Порочный круг оказывается, таким образом, только видимостью. Но мы думаем, что любой другой философский метод сделает его реальным. Это мы и хотели бы кратко продемонстрировать, хотя бы лишь для доказательства того, что философия не может, не должна принимать отношений, установленных чистым интеллектуализмом между теорией познания и теорией познанного, между метафизикой и наукой.
На первый взгляд может показаться благоразумным предоставить исследование фактов позитивной науке. Физика и химия будут заниматься неорганизованной материей, биологические и психологические науки станут изучать проявления жизни. Задача философа тогда очерчивается точно. Он получает из рук ученого факты и законы, и, пытается ли он превзойти их, чтобы постичь глубинные причины, или считает невозможным идти так далеко, что и доказывает самим анализом научного познания, - в обоих случаях он испытывает к фактам и к отношениям, переданным ему наукой, такое почтение, какого требует нечто уже установленное. К этому познанию он приложит критику познавательной способности и, в случае необходимости, метафизику; что касается самого познания в его материальности, то он считает его делом науки, а не философии.

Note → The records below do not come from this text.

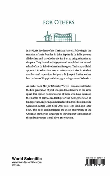 In 1852, six Brothers of the Christian Schools, following in the tradition of their founder St. John Baptist de La Salle, gave up all they had and travelled to the Far East to bring education to the poor. They landed in Singapore and established the second school of the La Salle Brothers in this region. Their unparalleled approach to education saw an astronomical rise in student numbers and reputation. For years, St. Joseph's Institution has been an icon of Singapore's history, grooming many of its leaders. An earlier book Men for Others by Warren Fernandez celebrates the first generation of post-independence leaders. In the same spirit, this edition honours some of those who have taken on the mantle of service leadership for the next generation of Singaporeans. Inspiring alumni featured in this edition include Gerard Ee, Justice Chan Seng Onn, Teo Hock Seng, and Peter Seah. This book commemorates the 165th anniversary of the Christian Brothers in Singapore by showing that the mission of those first Brothers is well alive, 165 years on.
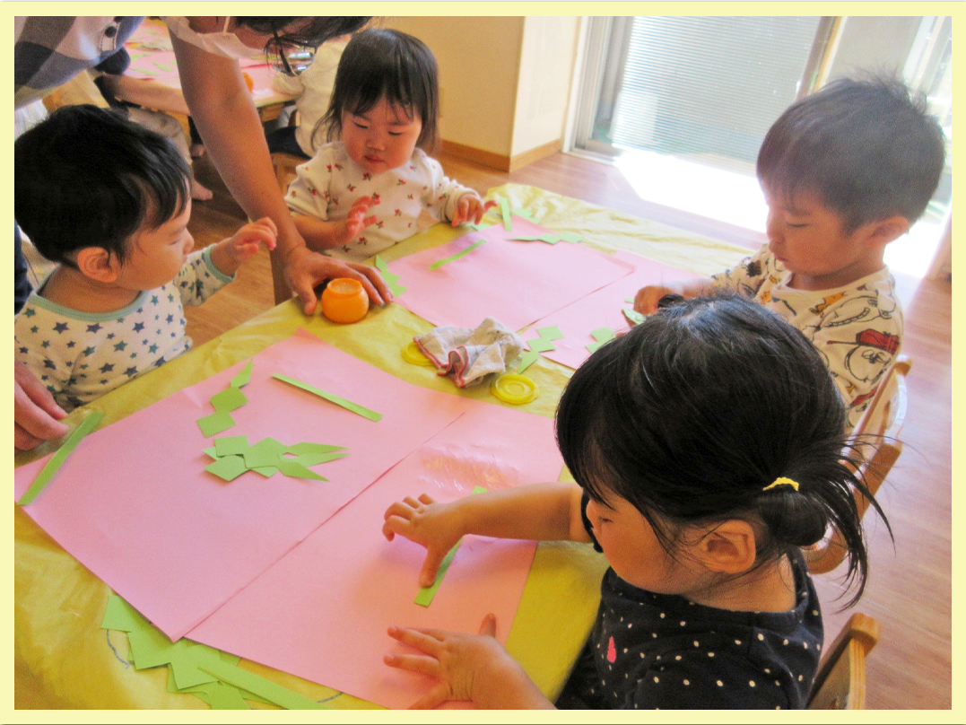 スズランテープを裂いたり、のりを使って台紙に貼ったりしました
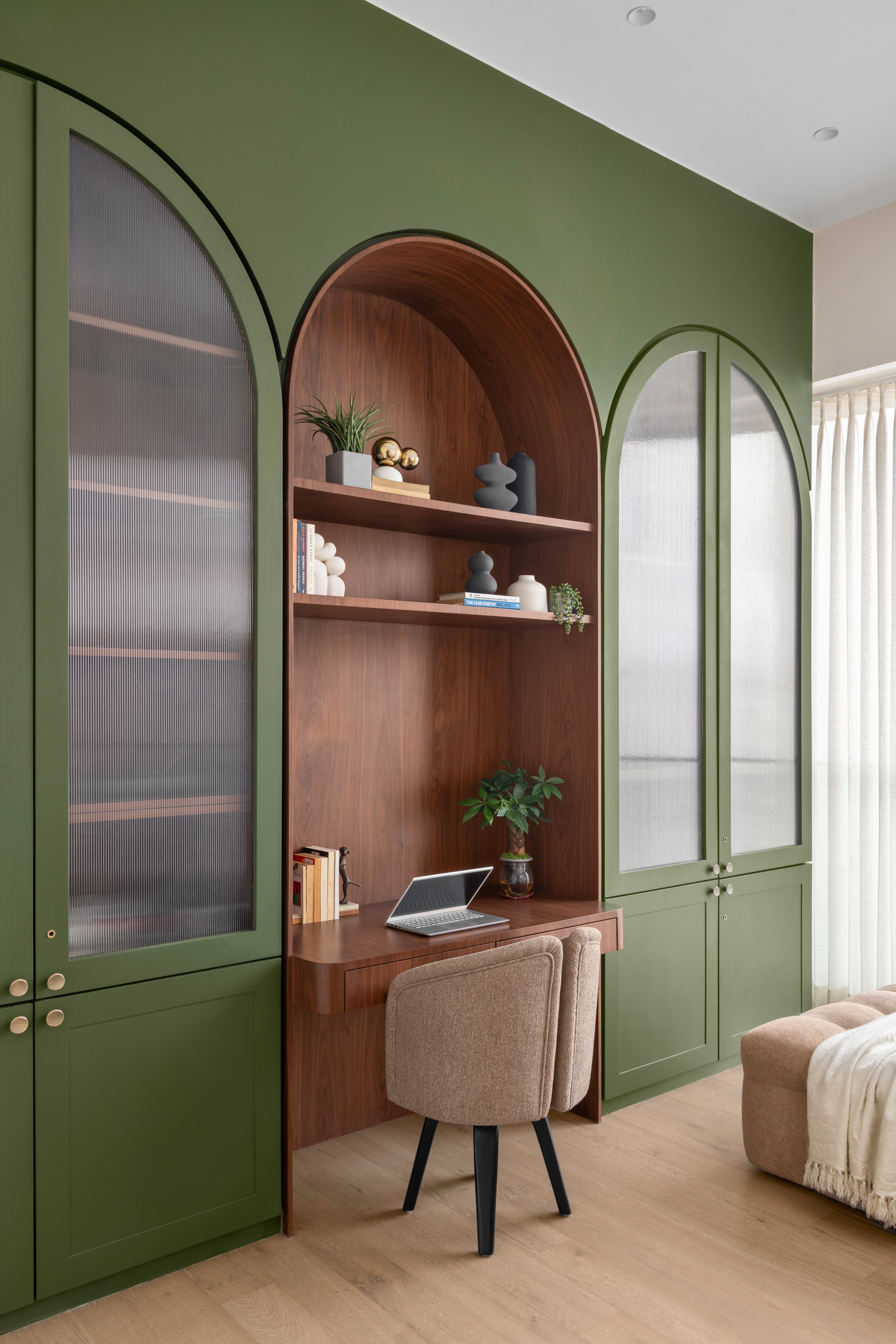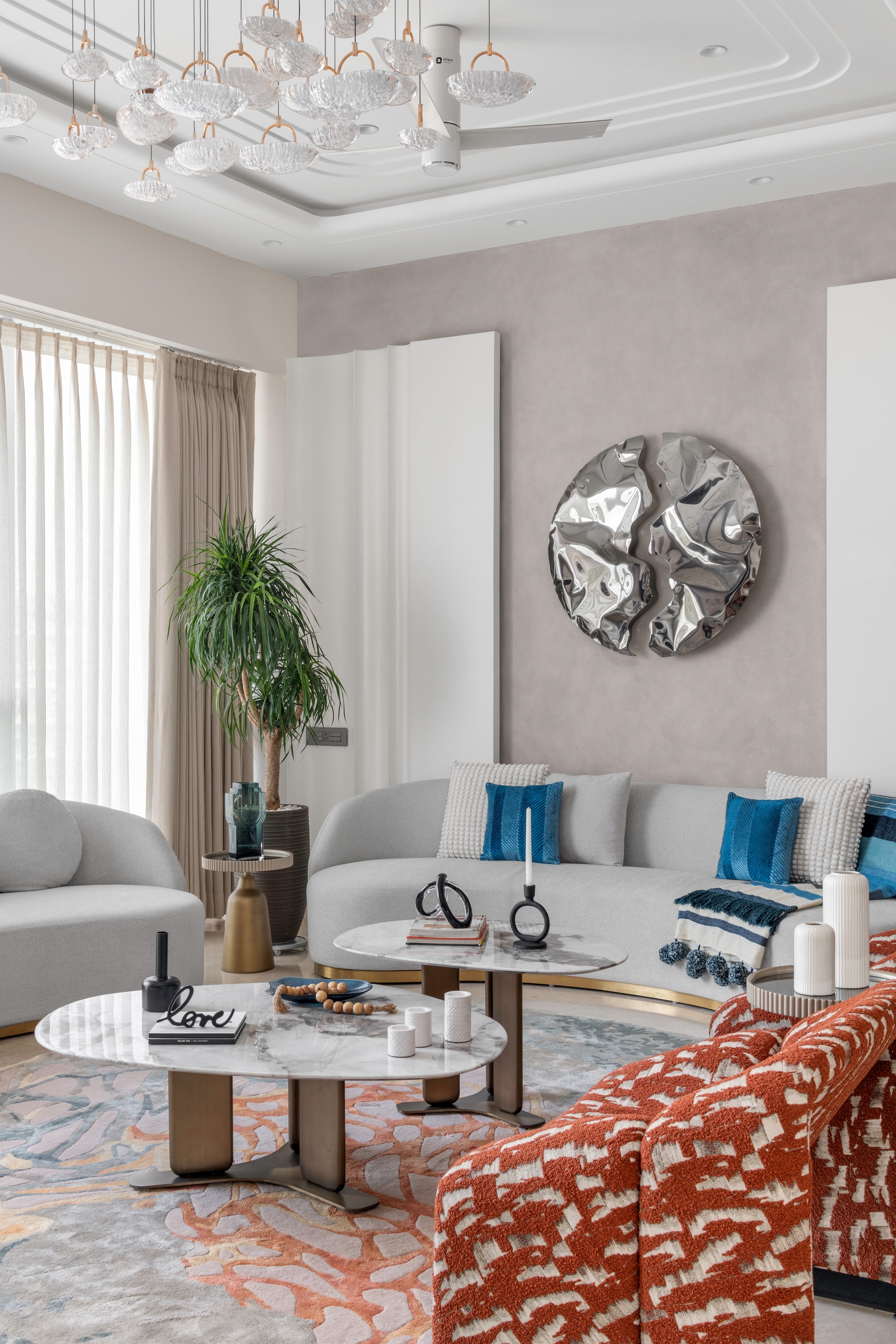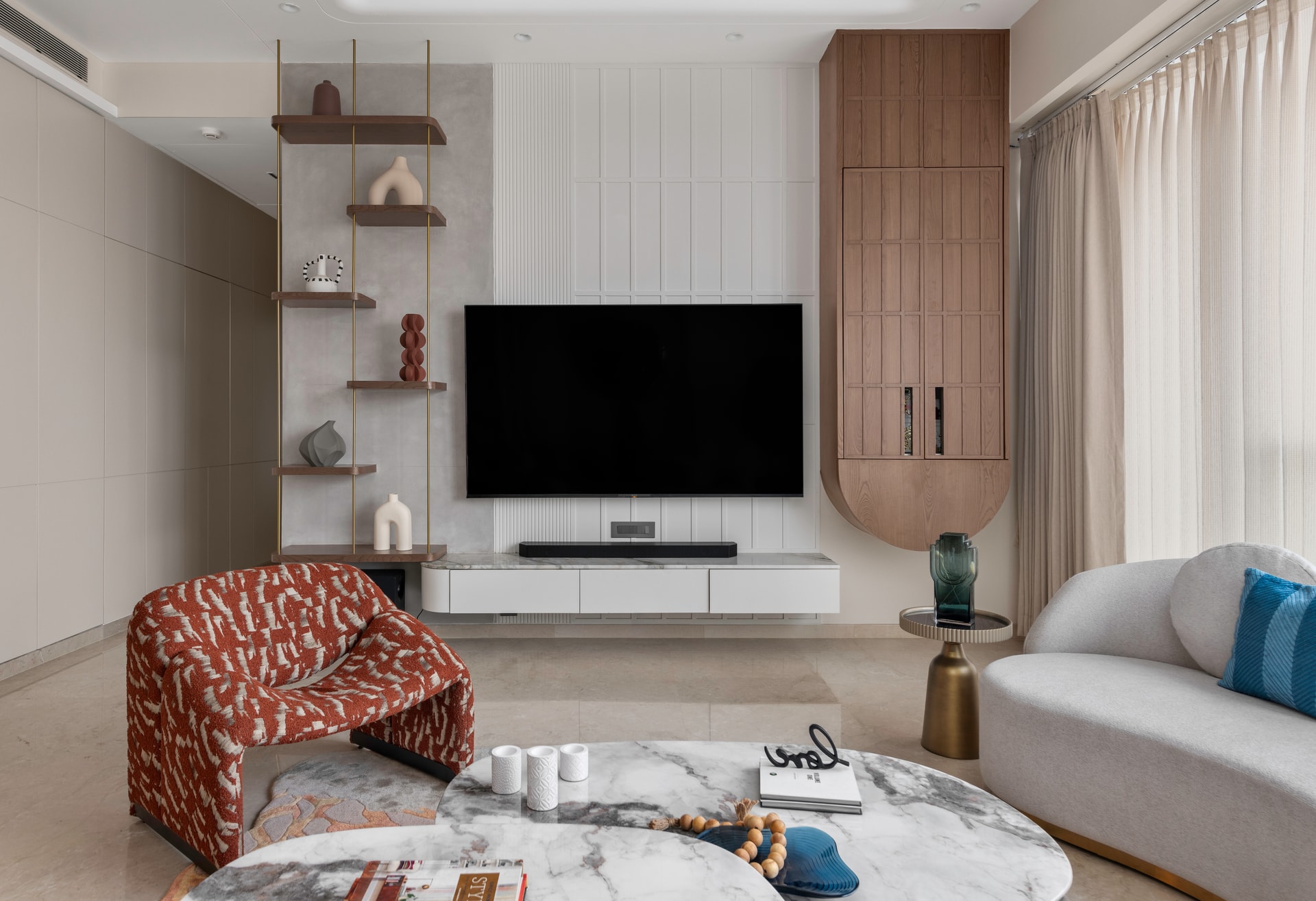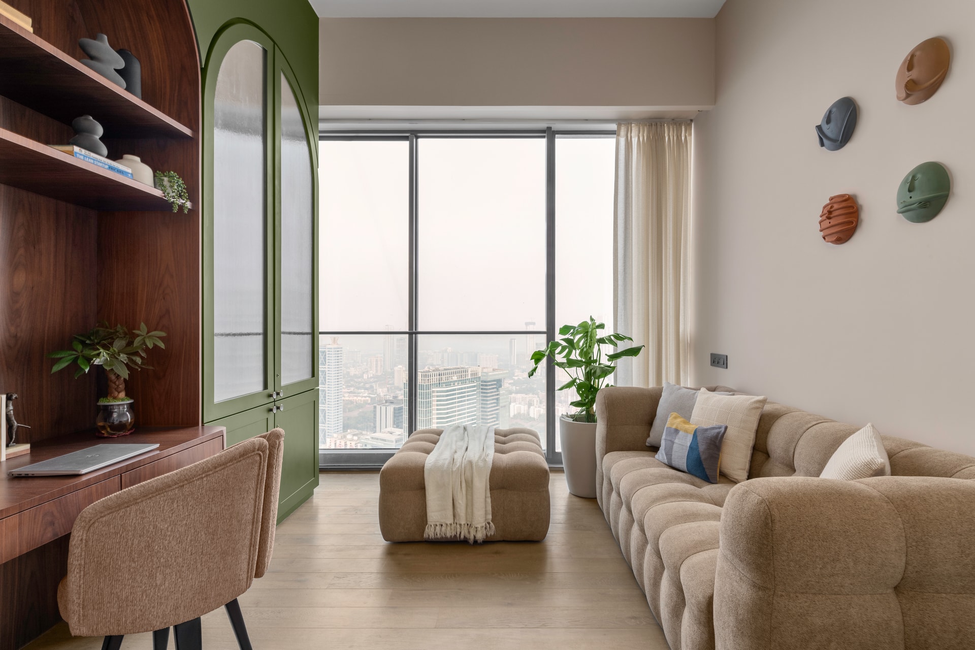 The apartment’s soaring 12-foot ceilings, a rare luxury in Mumbai, are treated with quiet restraint. The pastel-toned envelope amplifies daylight, creating a dialogue between the city’s hazy horizon and the calm interior. Subtlety becomes a stage for surprise. In the living room, a textured wall with an earthy finish meets crisp white panels to form a serene backdrop for a sculptural artwork by Nitush Aroosh. Curvilinear furniture pieces seem to sway with the breeze outside, while bursts of saturated hues, a graphic rug here, a vibrant armchair there, animate the otherwise mellow palette.

Но разве не очевидно, что это так называемое разделение труда приводит к тому, что все запутывается и смешивается? Метафизику или критику, право на создание которых философ оставляет за собою, он получает в готовом виде от позитивной науки, ибо они содержатся в ее описаниях и анализах, всю заботу о которых он предоставил ученому. Не желая с самого начала касаться фактической стороны вопросов, он оказывается вынужденным в вопросах принципиальных просто-напросто формулировать, в более точных выражениях, те неосознанные и, стало быть, необоснованные метафизику и критику, которые очерчиваются самим отношением науки к реальности. Не стоит обманываться внешней аналогией между вещами природными и человеческими. Мы здесь не в юридической области, где описание факта и суждение о факте - две вещи разные по той простой причине, что там над фактом и независимо от него существует изданный законодателем закон. Здесь же законы находятся внутри фактов и соответствуют тем линиям, по которым совершалось рассечение реального на отдельные факты. Нельзя описать вид предмета без предварительного суждения о его истинной природе и его организации. Форму нельзя полностью отделить от материи, и тот, кто сначала предоставил философ предупредить всякий конфликт между наукой и философией, жертвуют философией; но при этом не много выигрывает и наука. И, стремясь избежать мнимого порочного круга, то есть использования интеллекта с целью его же превзойти, попадают в весьма реальный круг, старательно отыскивая в метафизике единство, которое с самого начала было дано a priori, единство, принятое слепо, бессознательно, одним тем, что весь опыт был предоставлен науке, а вся реальность - чистому разуму.